### Summarization & Generating Sample QA
A common use case is wanting to summarize long documents. This naturally runs into the context window limitations. Unlike in question-answering, you can't just do some semantic search hacks to only select the chunks of text most relevant to the question (because, in this case, there is no particular question - you want to summarize everything). So what do you do then?

The most common way around this is to split the documents into chunks and then do summarization in a recursive manner. By this we mean you first summarize each chunk by itself, then you group the summaries into chunks and summarize each chunk of summaries, and continue doing that until only one is left.

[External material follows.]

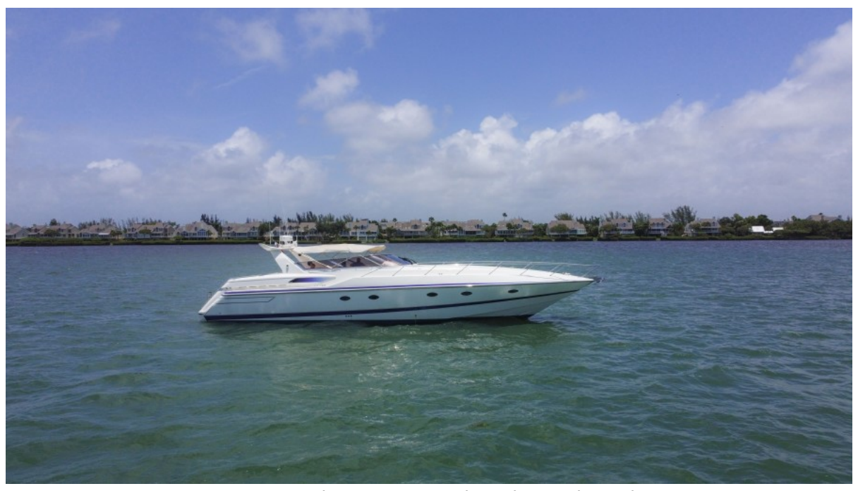
1993 Sunseeker 60 Renegade - Ripe and Ready

#### Set Environment variables

In [1]:
import os  
import json  
import openai
from Utilities.envVars import *

# Set Search Service endpoint, index name, and API key from environment variables
indexName = SearchIndex

# Set OpenAI API key and endpoint
openai.api_type = "azure"
openai.api_version = OpenAiVersion
openai_api_key = OpenAiKey
assert openai_api_key, "ERROR: Azure OpenAI Key is missing"
openai.api_key = openai_api_key
openAiEndPoint = f"{OpenAiEndPoint}"
assert openAiEndPoint, "ERROR: Azure OpenAI Endpoint is missing"
assert "openai.azure.com" in openAiEndPoint.lower(), "ERROR: Azure OpenAI Endpoint should be in the form: \n\n\t<your unique endpoint identifier>.openai.azure.com"
openai.api_base = openAiEndPoint

#### Summarize the document/PDF (instead of getting that data from Vector store or document reposit)

In [2]:
# Import required libraries
# Import required libraries
from langchain.llms.openai import AzureOpenAI, OpenAI
from langchain.embeddings.openai import OpenAIEmbeddings
from langchain.text_splitter import RecursiveCharacterTextSplitter
from langchain.document_loaders import (
    PDFMinerLoader,
    UnstructuredFileLoader,
)

In [3]:
# Flexibility to change the call to OpenAI or Azure OpenAI
embeddingModelType = "azureopenai"

# Set the file name and the namespace for the index
fileName = "Fabric Get Started.pdf"
fabricGetStartedPath = "Data/PDF/" + fileName
# Load the PDF with Document Loader available from Langchain
loader = PDFMinerLoader(fabricGetStartedPath)
rawDocs = loader.load()
# Set the source 
for doc in rawDocs:
    doc.metadata['source'] = fabricGetStartedPath

textSplitter = RecursiveCharacterTextSplitter(chunk_size=1500, chunk_overlap=0)
docs = textSplitter.split_documents(rawDocs)

In [4]:
print("Number of documents chunks generated from PDF : ", len(docs))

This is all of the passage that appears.